Depuis une évaluation précédente en 2019, ils soulignent la "hausse sans précédent" des catastrophes climatiques, des inondations aux canicules, en passant par les cyclones et les incendies. Sur les 31 "signes vitaux" de la planète, qui incluent les émissions de gaz à effet de serre, l'épaisseur des glaciers ou la déforestation, 18 atteignent des records, selon ce texte publié dans la revue BioScience.

Ainsi, malgré la chute des émissions de gaz à effet de serre en raison de la pandémie de Covid-19, les concentrations de CO2 et de méthane dans l'atmosphère ont atteint des niveaux records en 2021. Les glaciers fondent 31% plus vite qu'il y a quinze ans et la déforestation en Amazonie brésilienne a elle aussi atteint un record en 2020, transformant ce puits de carbone crucial en émetteur net de CO2. 

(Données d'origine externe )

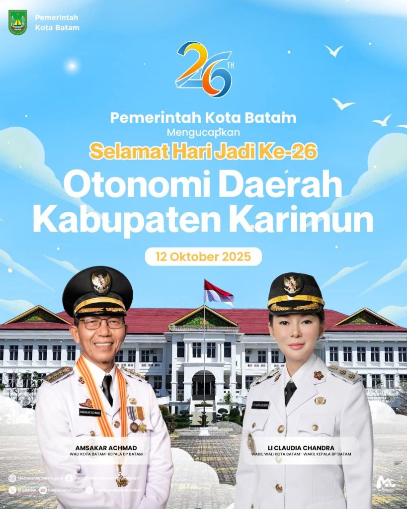KARIMUN Selamat Hari Jadi ke-26 Otonomi Daerah Kabupaten Karimun! October 12, 2025 Abas Saputra Semoga semangat otonomi terus menjadi kekuatan dalam membangun Karimun yang maju, mandiri, dan sejahtera.Dengan sinergi pemerintah dan masyarakat, mari wujudkan “Karimun Maju, Indonesia Hebat!” Pengunjung : 45 Spread the love

Des points de non-retour déjà franchis 

Avec un record de plus de 4 milliards de têtes de bétail, notamment vaches et moutons, la masse du bétail dépasse désormais celle des humains et des animaux sauvages combinés, selon l'étude. "Nous devons réagir face aux preuves qui montrent que nous allons vers des points de rupture climatiques, en prenant des mesures urgentes pour décarboner l'économie et en commençant à restaurer la nature plutôt que la détruire", a indiqué l'un des auteurs, Tim Lenton, de l'université britannique d'Exeter.

Les auteurs estiment qu'il existe en effet "de plus en plus de preuves que nous approchons, voire avons déjà dépassé" certains des points de bascule qui pourraient entraîner le système climatique vers un changement dramatique et irrémédiable. Cela inclut la fonte des calottes glaciaires du Groenland et de l'Antarctique, qui pourrait être irréversible à l'échelle de plusieurs siècles, même si les émissions de CO2 étaient réduites.

"S'attaquer à la source : la surexploitation de la planète"

Autre point de non-retour possible pour les récifs coralliens menacés notamment par le réchauffement, et dont dépendent un demi-milliard de personnes. Les auteurs réclament des actions rapides radicales dans plusieurs domaines : éliminer les énergies fossiles, réduire la pollution, restaurer les écosystèmes, opter pour des régimes alimentaires basés sur les plantes, s'éloigner du modèle de croissance actuel et stabiliser la population mondiale.

"Nous devons arrêter de traiter l'urgence climatique comme un problème indépendant, le réchauffement n'est pas le seul problème de notre système Terre sous pression", a insisté William Ripple, de l'Université d'Etat de l'Oregon.  Selon lui, "les politiques pour combattre la crise climatique ou tout autre symptôme devraient s'attaquer à la source : la surexploitation de la planète par les humains".